═════ EXERCISE MATERIAL

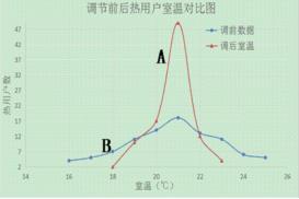 圖3中的曲線 A和B供熱管網(wǎng)智能蒸汽流量計調(diào)節(jié)前后的熱用戶室溫變化情況,橫坐標表示室溫分布,縱坐標表示熱用戶數(shù)量。從圖中可以看出,智能蒸汽流量計調(diào)節(jié)前熱用戶室溫比較分散,既有室溫小于18℃的熱用戶,也有室溫大于24℃的熱用戶。熱用戶室溫“近熱遠冷”,供熱管網(wǎng)存在水力不平衡現(xiàn)象。智能蒸汽流量計調(diào)節(jié)后,有49戶用戶室溫在20℃~21℃之間,從圖中可以看出室溫分布范圍縮小,平均室溫降低,從而,不僅減少了供熱量,也大大提高了供熱品質(zhì)。一般來講,對采暖系統(tǒng),每增加 1℃平均室溫,能耗增多 5%~10%。采暖系統(tǒng)實現(xiàn)平衡后,常??梢越档推骄覝?℃~3℃。
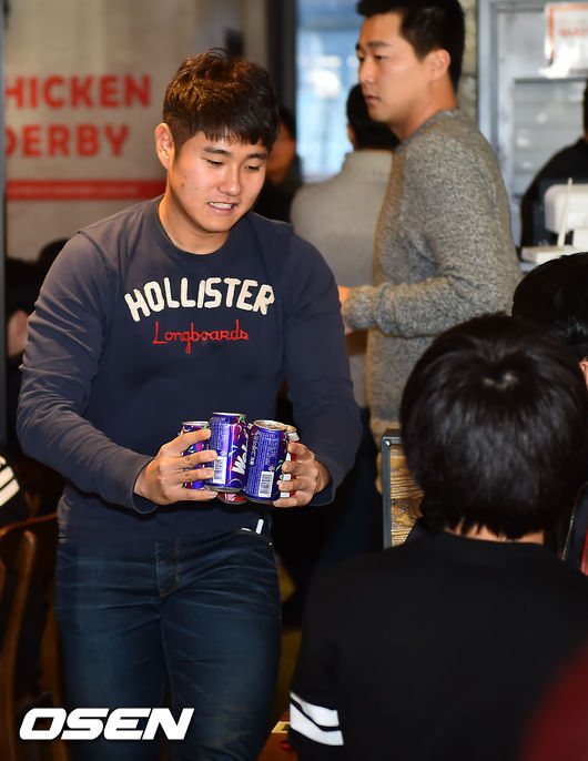20일 서울 강남구 자곡로 치킨더비 자곡점에서 열린 故 이두환 추모 자선 일일호프 행사에서 LG 김재율이 음료를 운반하고 있다.
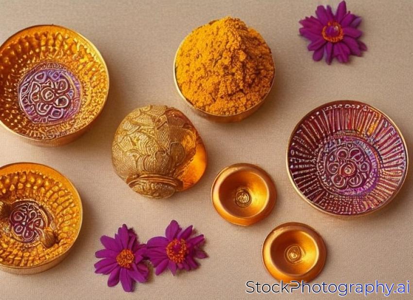 Terracotta diyas with glowing arranged in a brass plate with flowers, haldi and kumkum. Rava or semolina laddu kept aside. These are the elements offered to god while worship
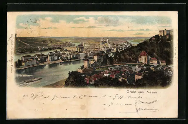 Künstler-AK Passau, Gesamtansicht aus der Vogelschau
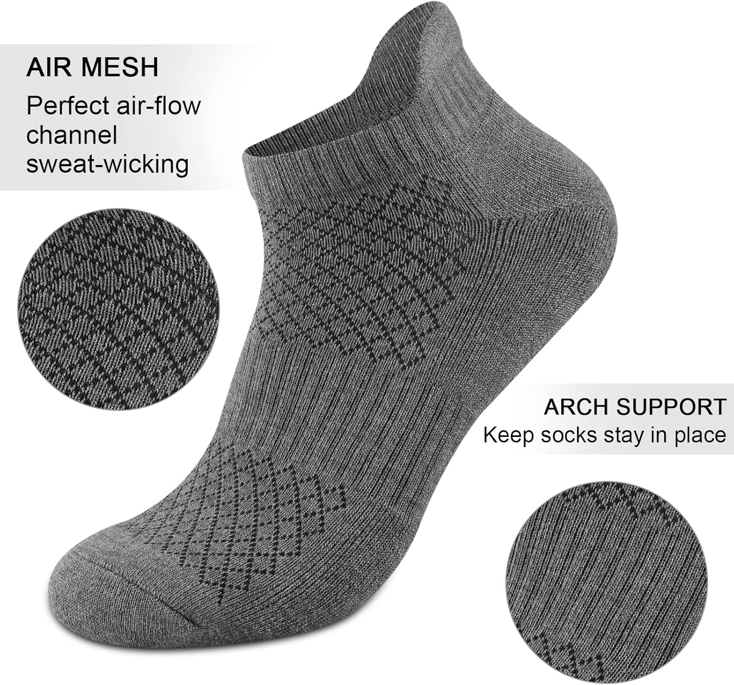 COOPLUS Mens Cotton Socks Ankle Athletic Cushion Running Socks for Men Moisture Wicking Breathable 6 Pairs Small-Medium Grey 6 Pairs

══════════

▶ _WHAT THIS TASK INVOLVES_
Leaving out the pictures, repeat the data above exactly.

▶ _SOLUTION TO THIS EXERCISE_
 圖3中的曲線 A和B供熱管網(wǎng)智能蒸汽流量計調(diào)節(jié)前后的熱用戶室溫變化情況,橫坐標表示室溫分布,縱坐標表示熱用戶數(shù)量。從圖中可以看出,智能蒸汽流量計調(diào)節(jié)前熱用戶室溫比較分散,既有室溫小于18℃的熱用戶,也有室溫大于24℃的熱用戶。熱用戶室溫“近熱遠冷”,供熱管網(wǎng)存在水力不平衡現(xiàn)象。智能蒸汽流量計調(diào)節(jié)后,有49戶用戶室溫在20℃~21℃之間,從圖中可以看出室溫分布范圍縮小,平均室溫降低,從而,不僅減少了供熱量,也大大提高了供熱品質(zhì)。一般來講,對采暖系統(tǒng),每增加 1℃平均室溫,能耗增多 5%~10%。采暖系統(tǒng)實現(xiàn)平衡后,常??梢越档推骄覝?℃~3℃。
20일 서울 강남구 자곡로 치킨더비 자곡점에서 열린 故 이두환 추모 자선 일일호프 행사에서 LG 김재율이 음료를 운반하고 있다.
 Terracotta diyas with glowing arranged in a brass plate with flowers, haldi and kumkum. Rava or semolina laddu kept aside. These are the elements offered to god while worship
 Künstler-AK Passau, Gesamtansicht aus der Vogelschau
 COOPLUS Mens Cotton Socks Ankle Athletic Cushion Running Socks for Men Moisture Wicking Breathable 6 Pairs Small-Medium Grey 6 Pairs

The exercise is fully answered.